__Information provided__:
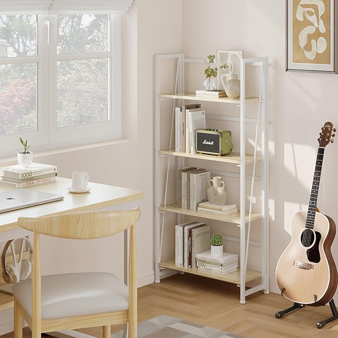 BHG Vintage Multifunctional Bookcase Folding Bookshelf, No-Assembly Plant Stand Storage Rack Shelves for Home Office (White, 4-Tier)
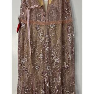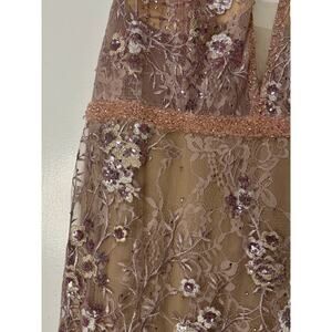 Mac Duggal Pink Floral Embellished Sleeveless Plunge Neck Gown - New w/ Tags
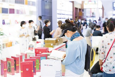 观众在2020服贸会文化服务专题展区翻阅图书。
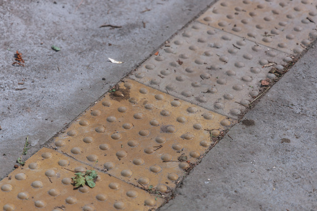 Тактильное покрытие представляет собой систему текстурированного индикатора поверхности земли, расположенного на тротуарах, пешеходных переходах, лестницах, платформах железнодорожных станций и остановочных пунктов, для помощи ориентации в пространстве слабовидящим пешеходам.

__What the task asks__: Please print, exactly as given, the lines running from the beginning of the listing through the line containing "观众在2020服贸会文化服务专题展区翻阅图书。", omitting each picture.

__Written reply__:
 BHG Vintage Multifunctional Bookcase Folding Bookshelf, No-Assembly Plant Stand Storage Rack Shelves for Home Office (White, 4-Tier)
 Mac Duggal Pink Floral Embellished Sleeveless Plunge Neck Gown - New w/ Tags
 观众在2020服贸会文化服务专题展区翻阅图书。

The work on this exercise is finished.